A year later Anna’s life had changed beyond recognition. Her small apartment was being renovated—not just cosmetically, as she had once planned, but for real, with a new layout and new furniture. Helping her was Dmitry Kravtsov, an engineer from the neighboring building, whom she had met in a hardware store when they were both choosing paint for their walls.
“Hold it straighter,” Dmitry laughed, helping her assemble a new wardrobe. “Otherwise it’ll turn out like the Leaning Tower of Pisa.”
“I’m trying!” Anna laughed too, for the first time in a long while feeling genuinely happy.

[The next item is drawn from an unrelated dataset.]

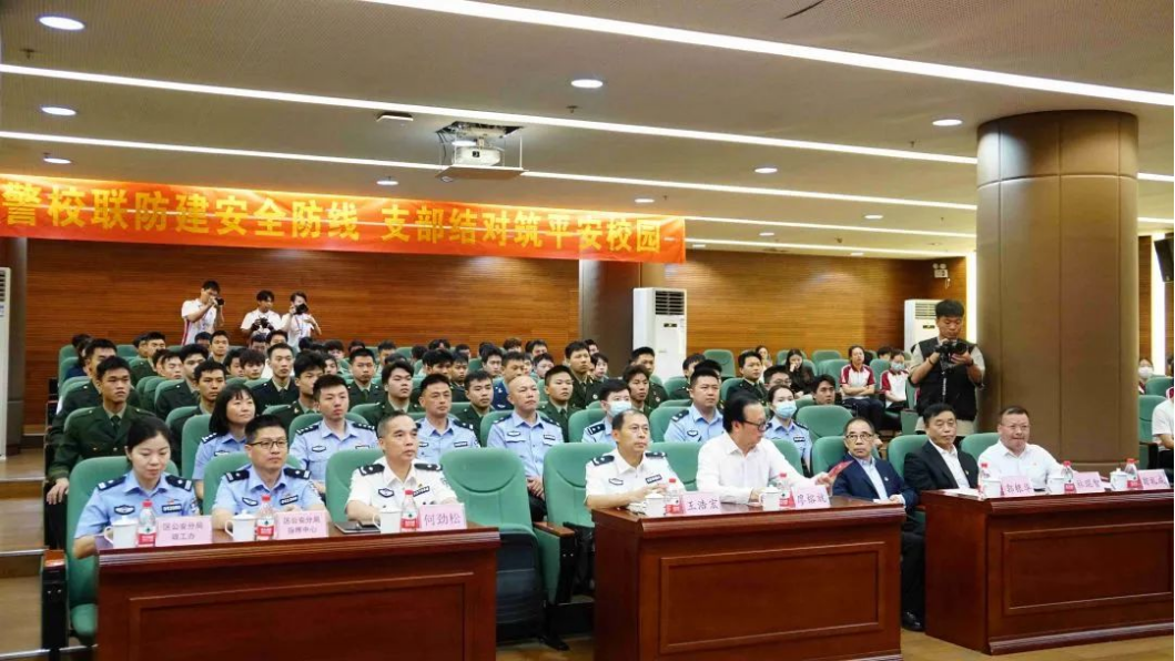 为深入贯彻党的二十大精神关于“统筹发展和安全,建设更高水平的平安中国”的要求,推动学习贯彻习近平新时代中国特色社会主义思想主题教育走深走实,5月19日上午,广东华商教育集团与广州市公安局增城区分局在华商学院中央图书馆报告厅隆重举行“警校联动筑牢安全防线,支部结对共建平安校园”启动仪式,警校合作单位共同签署共建协议书。

At that moment the phone rang. The screen showed the name Olga.
“Hello,” Anna said, putting it on speaker while continuing to hold the shelf.
“Anna…” her sister-in-law’s voice sounded exhausted. “I was wrong back then. In court. Forgive me.”
“What happened?”
“Your mother… it’s a nightmare. She demands attention twenty-four hours a day. She criticizes everything—how I cook, how I raise the children, how I dress. Sergey stays at work as long as possible just to avoid being at home.”
Anna listened silently.
“Maybe…” Olga hesitated, “maybe you could take her for at least a couple of months? Just so we can get some rest?”
Anna looked out the window. In the yard, children were building a snowman, their joyful shouts carrying even through the closed windows. She thought about how a year earlier she had stood at that same window, crying from hurt and injustice. Now everything was different.
“No, Olya.”
“But Anna…”
“Everyone has to live with the consequences of their decisions. You received Mom’s millions—you received Mom along with them. That’s fair.”
“You’re cruel!”
“No. I’m free.”
Outside, snow was falling, covering the city with a white blanket. Life went on—a new life, without old debts, without the constant sense of guilt and the need to make herself convenient for everyone. Simply a life in which Anna had finally chosen herself.